Your reply must contain the lines from the one with "an attractive appearance." through the last line of the material, exact and complete, with no pictures and no other text.

* _Input data_:
______________________________

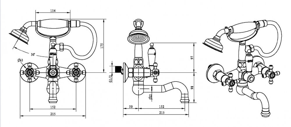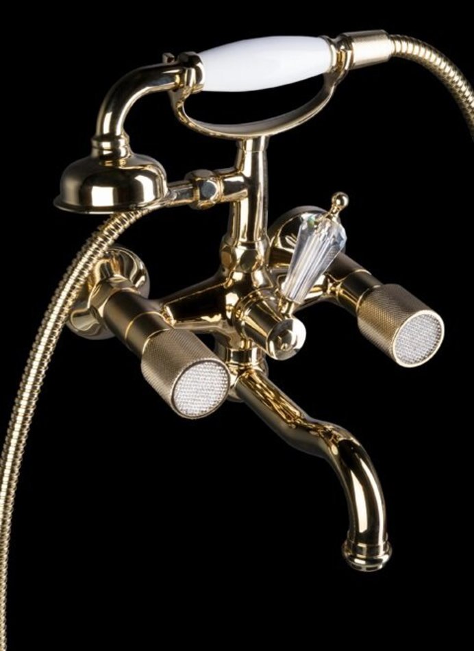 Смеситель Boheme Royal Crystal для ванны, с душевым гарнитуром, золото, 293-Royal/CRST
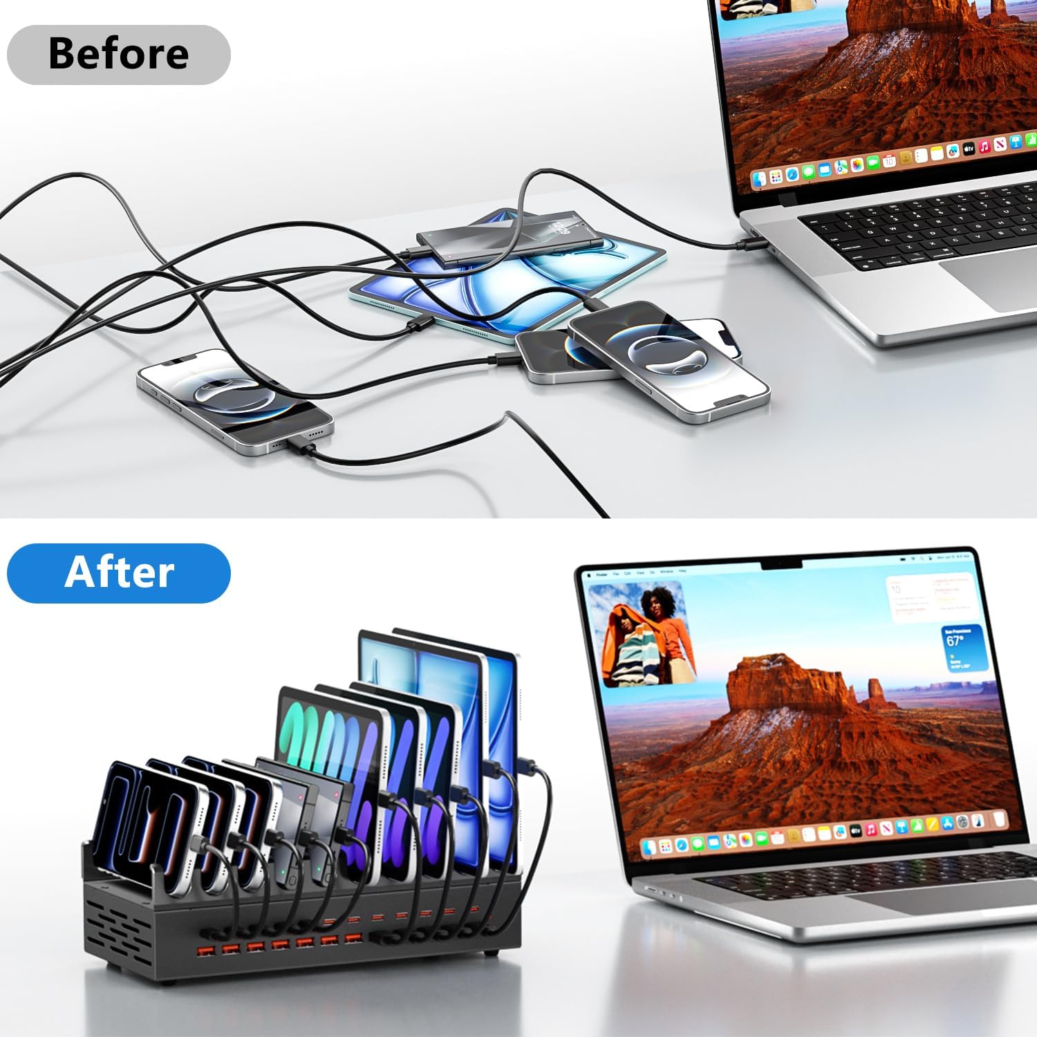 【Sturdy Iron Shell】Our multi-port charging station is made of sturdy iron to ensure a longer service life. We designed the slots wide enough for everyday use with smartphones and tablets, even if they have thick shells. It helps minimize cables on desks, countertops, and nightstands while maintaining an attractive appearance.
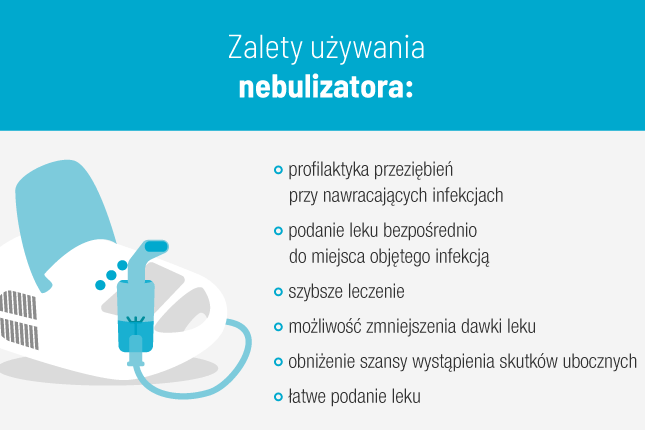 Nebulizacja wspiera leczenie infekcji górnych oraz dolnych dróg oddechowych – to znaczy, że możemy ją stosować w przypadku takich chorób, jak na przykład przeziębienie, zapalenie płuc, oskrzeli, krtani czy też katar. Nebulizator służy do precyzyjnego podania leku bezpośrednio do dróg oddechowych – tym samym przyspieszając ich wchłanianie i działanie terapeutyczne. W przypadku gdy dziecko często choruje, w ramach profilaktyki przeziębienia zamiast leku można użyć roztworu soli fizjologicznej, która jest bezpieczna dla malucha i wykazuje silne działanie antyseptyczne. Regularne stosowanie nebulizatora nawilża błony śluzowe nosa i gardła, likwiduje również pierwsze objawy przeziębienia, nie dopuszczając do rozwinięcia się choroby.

______________________________

* _Reply to the exercise_:
 【Sturdy Iron Shell】Our multi-port charging station is made of sturdy iron to ensure a longer service life. We designed the slots wide enough for everyday use with smartphones and tablets, even if they have thick shells. It helps minimize cables on desks, countertops, and nightstands while maintaining an attractive appearance.
 Nebulizacja wspiera leczenie infekcji górnych oraz dolnych dróg oddechowych – to znaczy, że możemy ją stosować w przypadku takich chorób, jak na przykład przeziębienie, zapalenie płuc, oskrzeli, krtani czy też katar. Nebulizator służy do precyzyjnego podania leku bezpośrednio do dróg oddechowych – tym samym przyspieszając ich wchłanianie i działanie terapeutyczne. W przypadku gdy dziecko często choruje, w ramach profilaktyki przeziębienia zamiast leku można użyć roztworu soli fizjologicznej, która jest bezpieczna dla malucha i wykazuje silne działanie antyseptyczne. Regularne stosowanie nebulizatora nawilża błony śluzowe nosa i gardła, likwiduje również pierwsze objawy przeziębienia, nie dopuszczając do rozwinięcia się choroby.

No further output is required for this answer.